## THE DATA
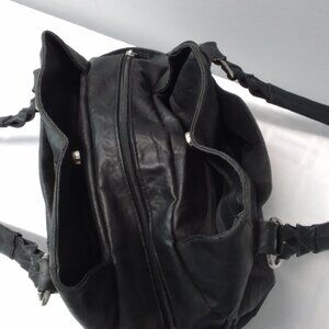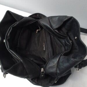 2 of which snap 1 zippers. Inside the centre zippered section has 2 more smaller pockets. 1boutside pocket.
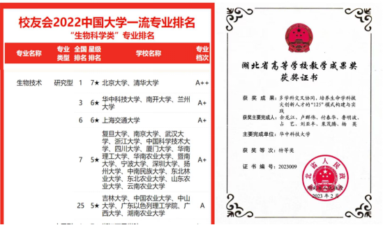 基础学科生物科学与技术实验班(生实班):选拔招生30人,生实班是紧紧围绕国家生物经济发展需求,以培养生命科学领域拔尖创新人才为目标。现为生物技术国家一流本科专业(首批)、国家特色专业和湖北省品牌专业,在2022年国家一流本科专业排名中位列全国第3。师资力量雄厚,拥有国家万人计划教学名师、湖北省教学名师和荆楚好老师等国家级教学团队,多次荣获湖北省教学成果特等奖和国家教学成果奖。
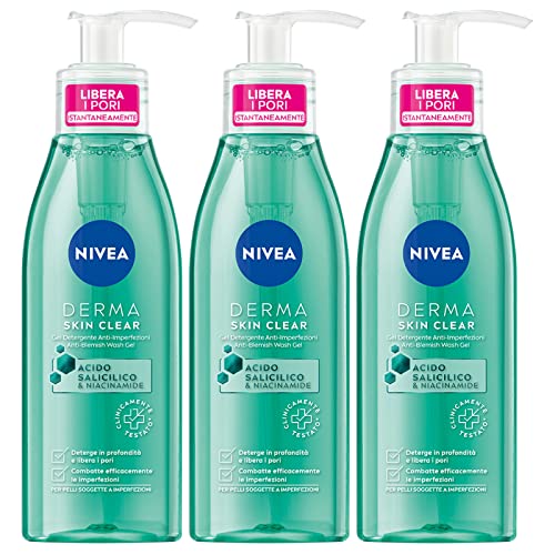 Nivea Derma Skin Clear Gel Detergente Viso Anti-Imperfezioni Formula Vegana con Acido Salicilico e Niacinamide per Rimuovere il Sebo in Eccesso Contro Impurità e Punti Neri - 3 Flaconi da 150ml
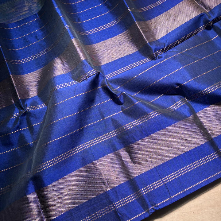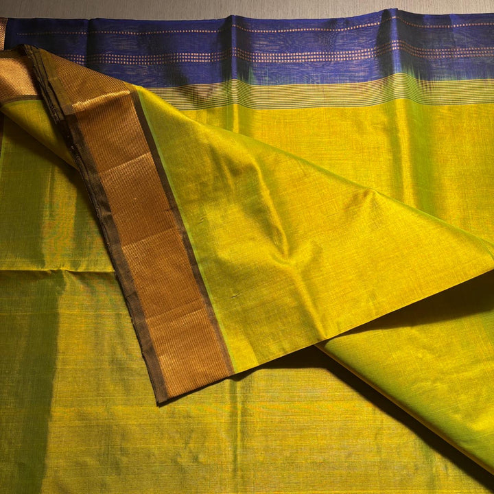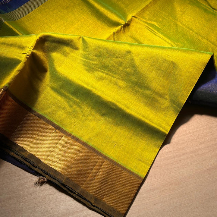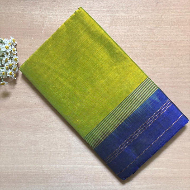 Handwoven Kanchi Silkcotton in Olive Green Shade comes with a Electric blouse and Pallu.
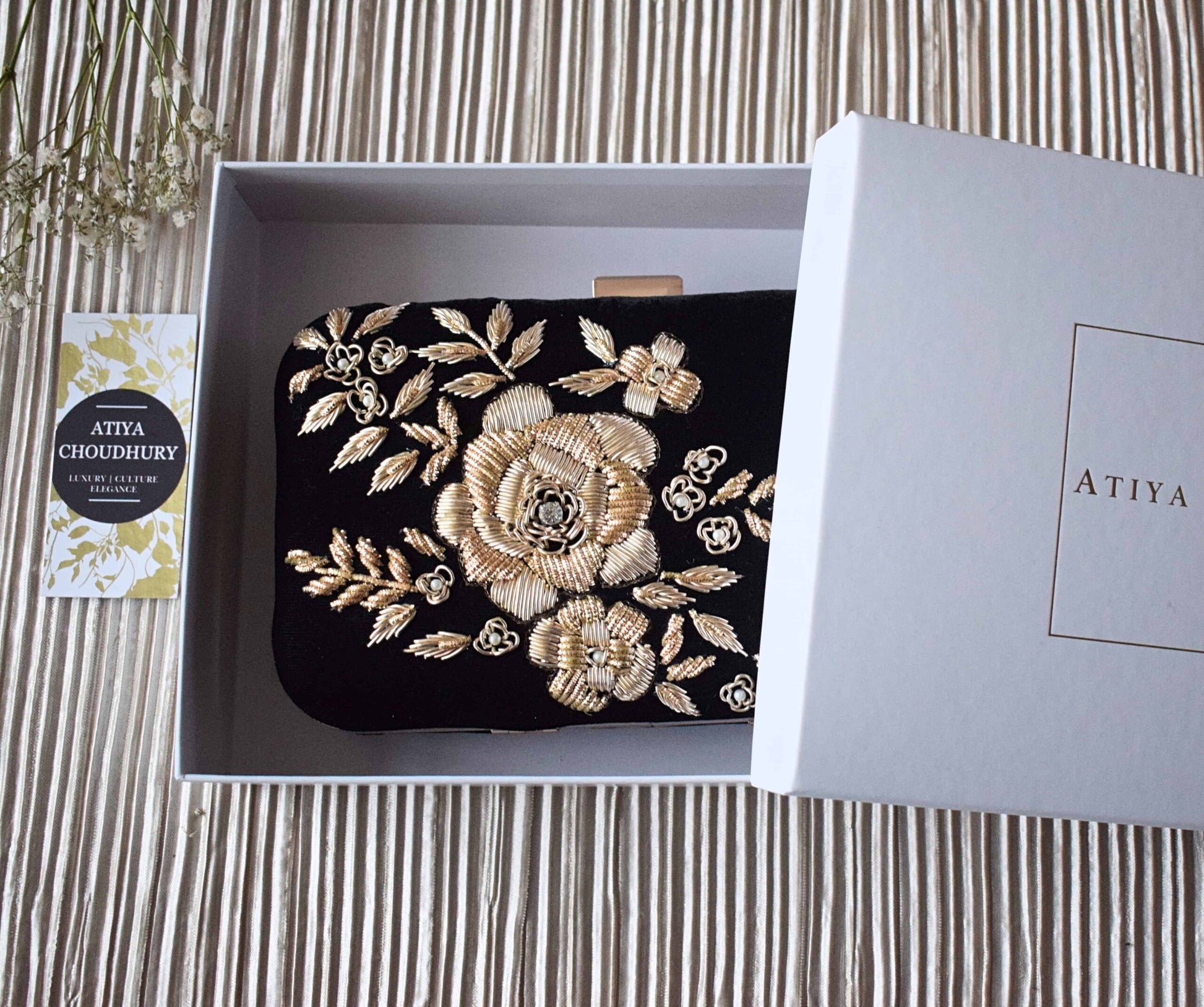 A black velvet clutch featuring intricate gold zardozi floral embroidery — a timeless desi-chic statement piece for festive and evening outfits. Handcrafted and elegant. Includes a shoulder chain. Size: 8x4 inches.
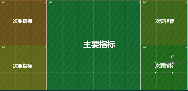 在第一步明确需求,确定数据可视化的主题后,需要根据业务场景抽取关键指标。核心业务指标安排在中间位置、占较大面积;其余的指标按优先级依次在核心指标周围展开。
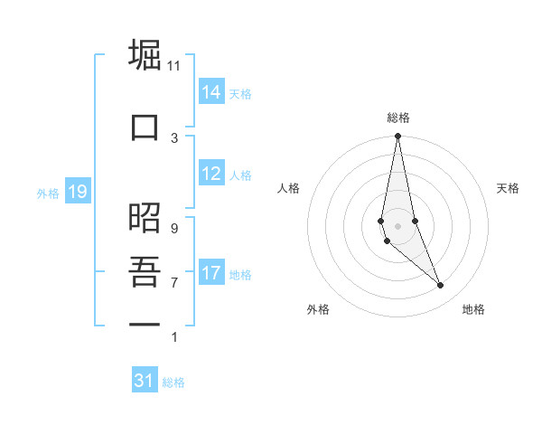 堀口 昭吾一さんの総格は31画の5点!

## EXERCISE DIRECTIONS
Starting at the line that contains "A black velvet", reproduce exactly and only the lines through the end of the entries above, with the pictures excluded.

## EXERCISE OUTPUT
 A black velvet clutch featuring intricate gold zardozi floral embroidery — a timeless desi-chic statement piece for festive and evening outfits. Handcrafted and elegant. Includes a shoulder chain. Size: 8x4 inches.
 在第一步明确需求,确定数据可视化的主题后,需要根据业务场景抽取关键指标。核心业务指标安排在中间位置、占较大面积;其余的指标按优先级依次在核心指标周围展开。
 堀口 昭吾一さんの総格は31画の5点!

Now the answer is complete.